Billionaire lairds, sporting estates and Conservative Party donors in receipt of millions of pounds of public grants are among the owners of businesses which broke the rules around rural subsidies, The Ferret can reveal.
Scotland’s rural payments schemes are largely designed to help farmers and land managers make a decent living, while promoting food production, jobs, sustainable land management and woodland creation.
But inspectors found rule-breaking on a mass scale between 2018 and 2022, mostly from applicants claiming more money than eligible for, data we obtained via freedom of information shows.
Owners or partners of companies with the most breaches include some of the UK’s richest people, hereditary lords, and the brother of Scottish secretary Alister Jack. Others include a NatureScot board member and former chair of Scottish Land and Estates, and a former adviser to Defra, which administers rural payments in England.
Some are former Tory politicians, while others have collectively given nearly £1m to the party, including directly to Jack, and to Scottish Tory leader, Douglas Ross.
Community Land Scotland called for new laws to tackle the “extractive, monopoly land ownership of the corporates, investors and lairds”.
But Scottish Land and Estates, which represents landowners, said applying for the subsidies “is a hugely complex process” and claimed it was “highly unusual” for false claims to be made. Breaches were often a result of small changes to the Scottish Government’s mapping system, it said.

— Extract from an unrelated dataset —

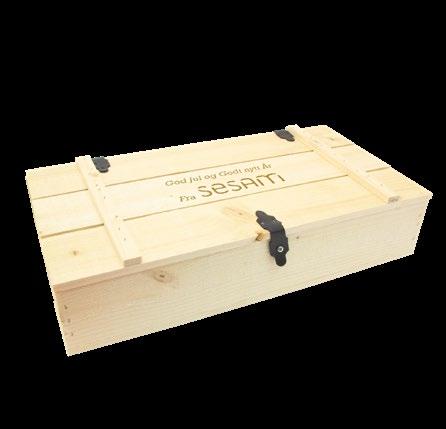 Rustikke treesker i 3 størrelser hvor logo brennes direkte inn i esken. Fylles med merkevaregodt eller pralinkuler. På 800g esken brennes logo på lokket mens foran på de andre eskene.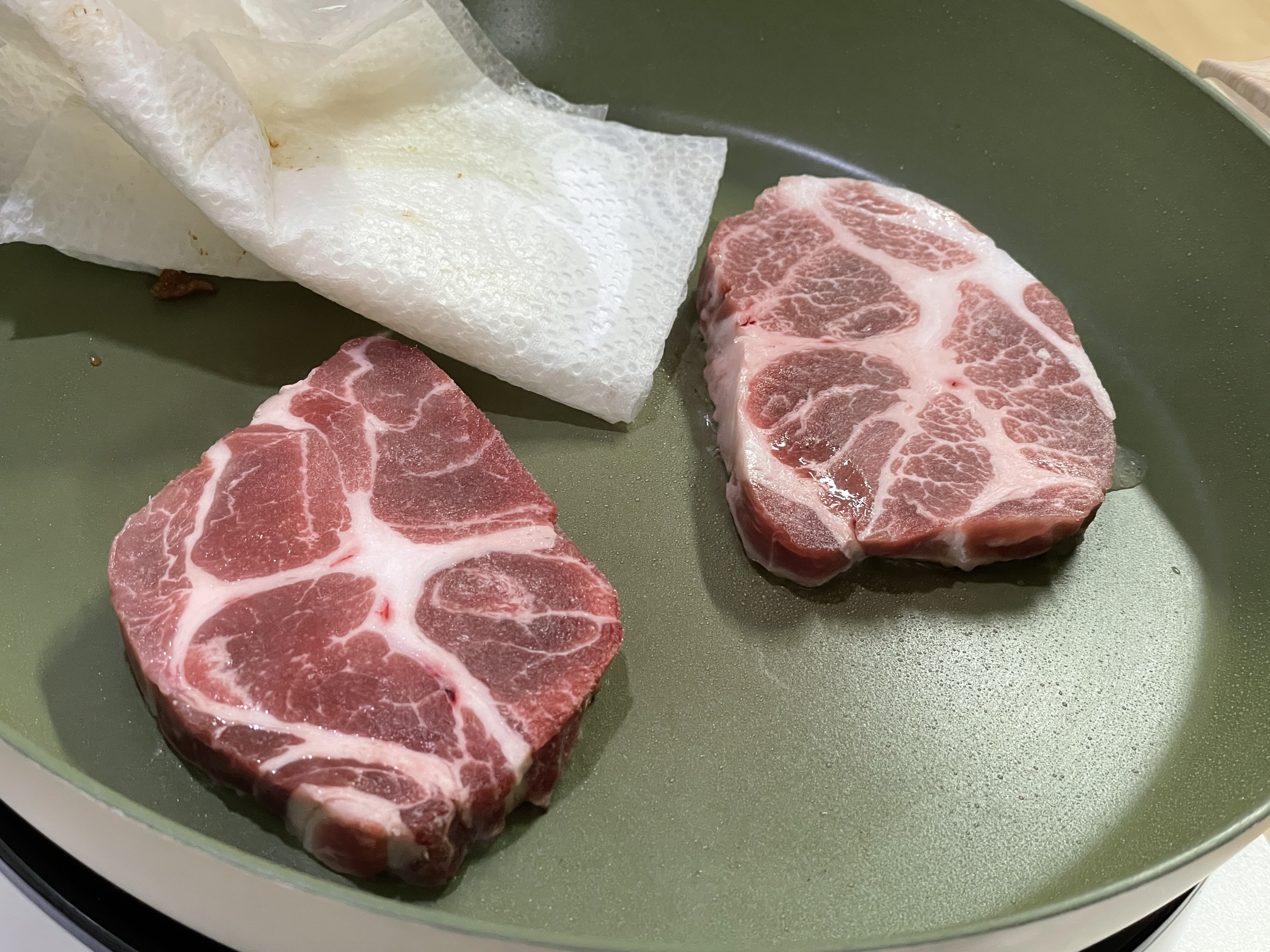 목살은 우리가 애니메이션에서 보던 모양의 '고기 모양'을 하고 있었다. 비계가 적고 살코기가 많은 부위로 유명한 목살은 운동을 하는 사람에게도 좋은 단백질 공급원인만큼, 항정살보다는 조금 퍽퍽할 거라 예상했다.

Scottish Labour said that while genuine errors in applications should be treated “sensibly”, any attempts to defraud the scheme should be referred to the police.
The government emphasised that companies facing inspection are not paid subsidies until they are assessed, and are forced to return “undue payments”. Of the 11,200 applicants, more than half (6,300) made breaches.
It redacted the names of sole traders and small partnerships, citing privacy risks, but revealed the names of larger firms due to the “very low” risk of their addresses being households. These 600 named firms broke the rules 2,300 times.
The top 30 offenders received £26m in subsidies between 2018 and 2022 and nearly two thirds of breaches involved overclaiming the amount of money they were eligible for. We focused on the top named offenders in receipt of the largest subsidies. The average per recipient was £38,000. One per cent (305 out of more than 28,000) received more than £1m.
Common breaches included registering land ineligible for ‘agri-environment’ payments largely designed to tackle climate change, and failing to manage land subsidised with ‘less favoured area’ grants which provide “essential income support to farming businesses in remote and constrained rural areas”.
Inspectors found that Dunlossit estate, which received £1.75m in rural payments, broke the rules 79 times. The London-registered company is owned by billionaire heiress Leonie Schroder, whose family wealth comes from shareholdings in Schroders asset management firm.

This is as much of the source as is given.